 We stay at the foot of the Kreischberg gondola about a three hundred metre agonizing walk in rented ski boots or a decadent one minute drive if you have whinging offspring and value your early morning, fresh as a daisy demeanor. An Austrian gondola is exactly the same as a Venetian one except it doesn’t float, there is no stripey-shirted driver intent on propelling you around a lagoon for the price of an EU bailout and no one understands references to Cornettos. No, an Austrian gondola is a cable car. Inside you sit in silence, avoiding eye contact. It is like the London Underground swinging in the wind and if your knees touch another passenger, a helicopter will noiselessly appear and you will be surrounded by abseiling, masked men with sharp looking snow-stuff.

◇ ◇ ◇ ◇ ◇

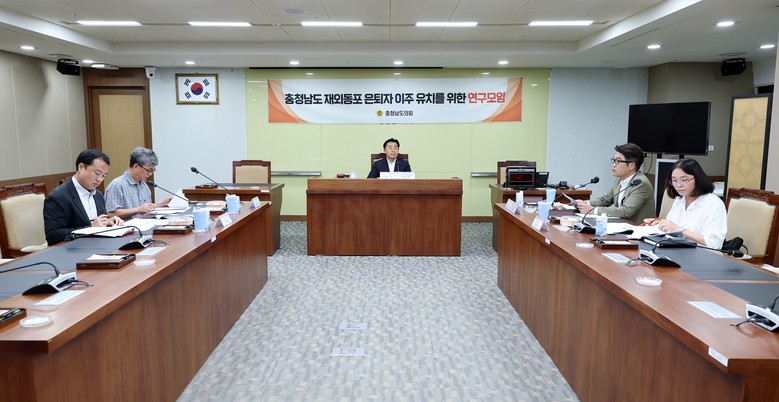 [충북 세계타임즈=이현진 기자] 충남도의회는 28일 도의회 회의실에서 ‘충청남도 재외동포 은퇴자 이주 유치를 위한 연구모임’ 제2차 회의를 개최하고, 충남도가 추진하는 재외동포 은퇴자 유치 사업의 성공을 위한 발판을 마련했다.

◇ ◇ ◇ ◇ ◇

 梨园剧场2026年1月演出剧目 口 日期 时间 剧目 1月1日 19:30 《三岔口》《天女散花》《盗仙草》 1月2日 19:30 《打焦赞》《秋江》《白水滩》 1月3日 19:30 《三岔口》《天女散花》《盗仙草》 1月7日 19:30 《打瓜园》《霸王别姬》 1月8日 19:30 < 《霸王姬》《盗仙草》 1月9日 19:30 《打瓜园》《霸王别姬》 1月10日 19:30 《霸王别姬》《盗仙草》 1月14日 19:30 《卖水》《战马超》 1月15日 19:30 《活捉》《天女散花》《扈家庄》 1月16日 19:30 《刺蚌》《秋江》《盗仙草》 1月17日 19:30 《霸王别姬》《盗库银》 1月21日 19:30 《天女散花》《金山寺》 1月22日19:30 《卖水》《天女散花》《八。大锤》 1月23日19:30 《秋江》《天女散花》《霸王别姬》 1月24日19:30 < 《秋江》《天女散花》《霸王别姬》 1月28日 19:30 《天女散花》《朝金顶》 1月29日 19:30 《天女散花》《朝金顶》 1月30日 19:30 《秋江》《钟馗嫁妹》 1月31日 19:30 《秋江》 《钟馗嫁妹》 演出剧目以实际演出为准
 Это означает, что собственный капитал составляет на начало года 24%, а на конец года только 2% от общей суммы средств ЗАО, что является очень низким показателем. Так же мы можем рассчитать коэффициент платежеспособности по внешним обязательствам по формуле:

◇ ◇ ◇ ◇ ◇

• **PROBLEM TO SOLVE**
Out of the material above, output word for word the line with "梨园剧场2026年1月演出剧目 口 日期", the line with "Это означает, что", and all lines between them, with nothing else.

• **SOLUTION TO THE EXERCISE**
 梨园剧场2026年1月演出剧目 口 日期 时间 剧目 1月1日 19:30 《三岔口》《天女散花》《盗仙草》 1月2日 19:30 《打焦赞》《秋江》《白水滩》 1月3日 19:30 《三岔口》《天女散花》《盗仙草》 1月7日 19:30 《打瓜园》《霸王别姬》 1月8日 19:30 < 《霸王姬》《盗仙草》 1月9日 19:30 《打瓜园》《霸王别姬》 1月10日 19:30 《霸王别姬》《盗仙草》 1月14日 19:30 《卖水》《战马超》 1月15日 19:30 《活捉》《天女散花》《扈家庄》 1月16日 19:30 《刺蚌》《秋江》《盗仙草》 1月17日 19:30 《霸王别姬》《盗库银》 1月21日 19:30 《天女散花》《金山寺》 1月22日19:30 《卖水》《天女散花》《八。大锤》 1月23日19:30 《秋江》《天女散花》《霸王别姬》 1月24日19:30 < 《秋江》《天女散花》《霸王别姬》 1月28日 19:30 《天女散花》《朝金顶》 1月29日 19:30 《天女散花》《朝金顶》 1月30日 19:30 《秋江》《钟馗嫁妹》 1月31日 19:30 《秋江》 《钟馗嫁妹》 演出剧目以实际演出为准
 Это означает, что собственный капитал составляет на начало года 24%, а на конец года только 2% от общей суммы средств ЗАО, что является очень низким показателем. Так же мы можем рассчитать коэффициент платежеспособности по внешним обязательствам по формуле:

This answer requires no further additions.